By: Nina Notman
In April 2020, Brandon Wenning drove from Massachusetts to California. “I got to see the country at a really weird time,” he explains. “I had all these nice plans of seeing national parks and exploring some cool cities but, due to COVID-19, I ended up driving it as quickly and as directly as I could.”
Wenning was relocating to start a new role at Roswell Biotechnologies, a life-sciences start-up that is developing molecular electronic chips to read and sequence DNA. The firm’s goal is to sequence human genomes for $100. “This will enable personalized precision medicine based on unique genetic factors,” Wenning explains. Other potential applications for this technology include infectious disease diagnostics and devices that store data in the form of DNA. It is also being developed as an environmental monitoring tool to rapidly analyze swabs from surfaces in hotel rooms and other spaces to certify there's no trace of a specific bacteria or virus, explains Wenning. “We have a pretty big project going on around coronavirus.”
As the surface chemist on the team, Wenning studies the interface between the chips and the biomolecules, such as DNA, that they are designed to sense. “I am currently looking at new surface chemistries to increase signal quality and improve reliability of our devices in the field,” he says.

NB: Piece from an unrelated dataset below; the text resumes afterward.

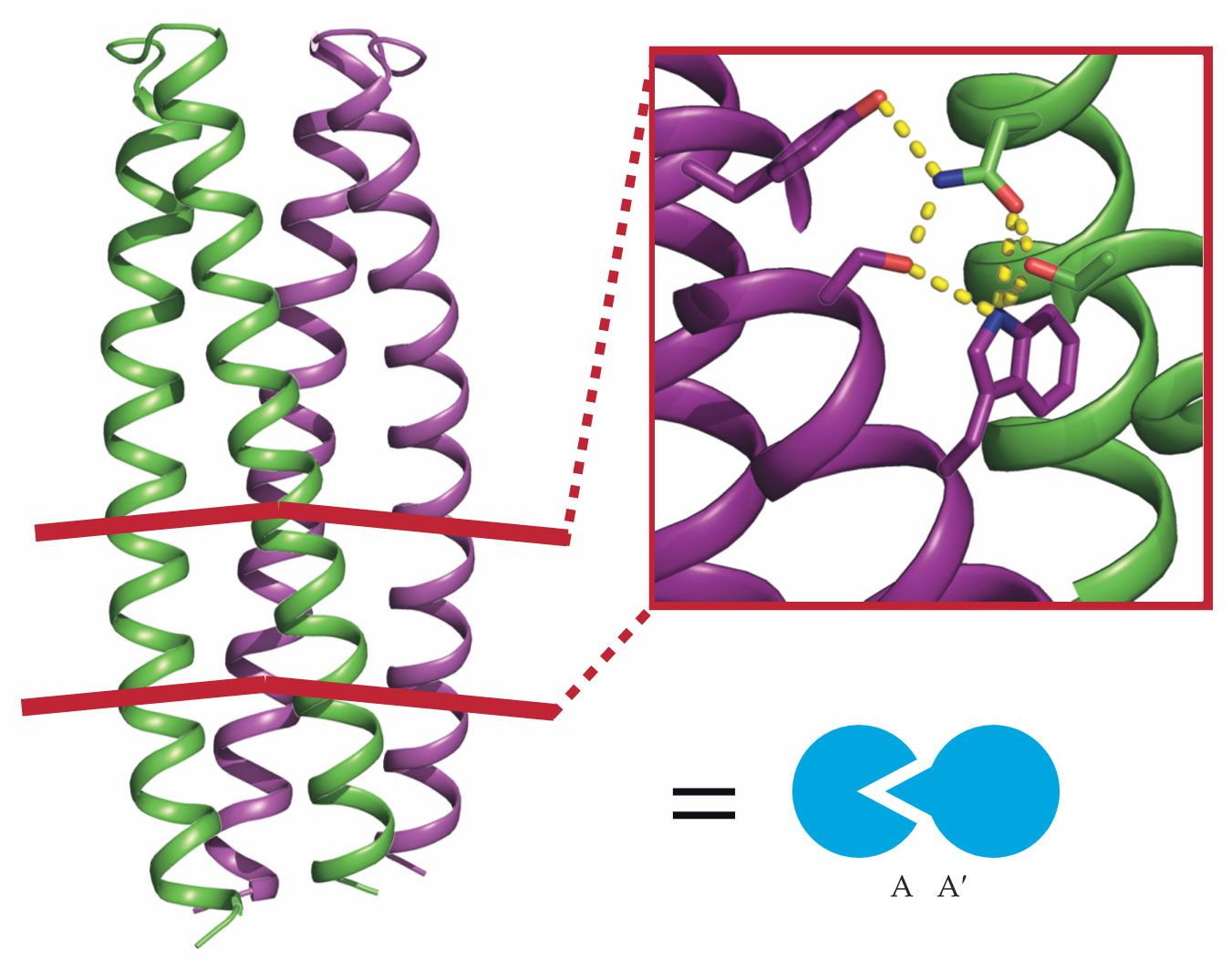 Two designer protein monomers A and A′ (green and purple coils) form a dimer through a network of complementary hydrogen bonds, as shown in the inset. The heterodimer they form, A:A′, is represented by the interlocked symbols shown in blue. (Adapted from ref.

Prior to joining Roswell Biotechnologies, Wenning worked as a formulations chemist at DuPont’s Marlborough site. “I was developing photoresists for next generation lithography applications,” he explains. “We were looking to print the absolute smallest feature that we could on a chip, as small as 15nm, on circuit boards, logic devices, and memory devices.”
Before starting at DuPont, Wenning completed a PhD at Cornell University with Christopher Ober. “I was working on marine antifouling coatings,” he says, specifically “designing polymer coatings to control the way algae and barnacles settle on surfaces.”
Outside of the lab, Wenning is a passionate musician. His primary instrument is flute, but he also plays clarinet and saxophone. “I perform professionally in pit orchestras for musicals, symphony orchestras, big bands, and chamber ensembles,” he explains. There is a lot of overlap between the discipline and determination needed to play music and to do scientific research, he adds.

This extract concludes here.